Thursday, January 08, 2009

Steelman: "I'm Interested"

The outgoing State Treasurer and G.O.P. "outsider" tells the KY3 Political Notebook she's "interested in continuing public service," and will consider a bid to replace Senator Kit Bond in 2010.
Outgoing Republican State Treasurer and former candidate for Governor Sarah Steelman said she will consider making a run at the U.S. Senate seat that Missouri's most senior elected official announced he will vacate this morning when his term expires in 2010.
"I'm interested in continuing public service, but it's just happened so I'm still trying to see what to make of it," Steelman said in an interview midday Thursday as public officials were still sending out reaction statements. "I really thought he'd probably run for 1 more term. I just think it's important for me to think it through," Steelman added.
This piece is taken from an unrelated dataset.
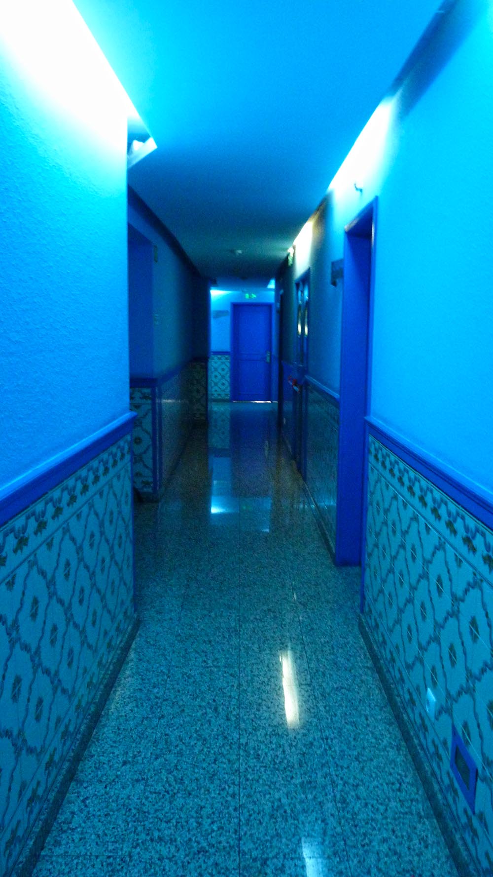 Faudra demander aux proprio de repeindre en arc-en-ciel ce couloir car bleu comme ça… ça fait peuuuuuur ^^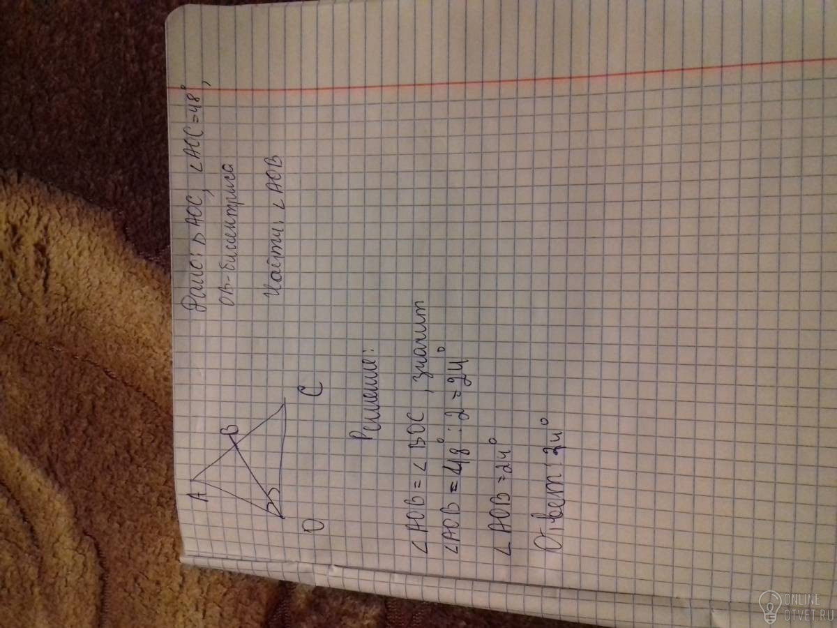Луч ОВ является биссектрисой угла АОС. Найдите угол АОВ, если угол АОС = 48 градусов

Steelman has been critical of Senator Kit Bond's spending policies in the past, and the rift between the two grew when Bond publicly endorsed Kenny Hulshof over for Governor over Steelman last May.
In the interview with the Notebook, Steelman mixed praise of Bond with some critical comments. "Kit Bond had a good record of public service, and he has certainly served our state well, but we've had our policy differences," Steelman said. "So this is a chance we can set policy in a new direction," she added.
"Senator Bond and Congressman Blunt represent the old ways of Washington. I don't think people can tolerate that," Steelman said candidly.
When asked what issues specifically represent "the old ways of Washington," Steelman rattled off, "spending, massive campaign contributions from Fannie Mae and Freddie Mac, the cozy relationships in Congress, the lack of fiscal discipline."
Steelman also complimented Sen. Claire McCaskill for partnering with Sen. John McCain on a bill to reign in earmarks. "I think it's great. These are changes that have not taken place before," she said. "From a philosophical view, I think we need change in Washington to get rid of the old ways."
Comments like these will certainly rub members of the Republican establishment the wrong way, but Steelman surprised many by coming within four and a half points of Hulshof during the August primary race.
Steelman, who is set to start teaching at Missouri State University next week, said she will obviously take some time to consider her next political move. "I'm just trying to get a timeline for my class," Steelman said, noting that she was working on her syllabus Thursday when she first heard the news. "I'm just watching and thinking about it."
Two Republican sources tell The Notebook that Southwest Missouri Congressman Roy Blunt is already reaching out, making calls to supporter and campaign contributors to feel out a possible run for U.S. Senate. Blunt's public statement only offered praise of Bond Thursday, but the sources said that Blunt's early moves are not surprising.
"I can tell you he's very interested, but that's really only natural," said one source.
A spokesperson from Blunt's office did not immediately respond for comment.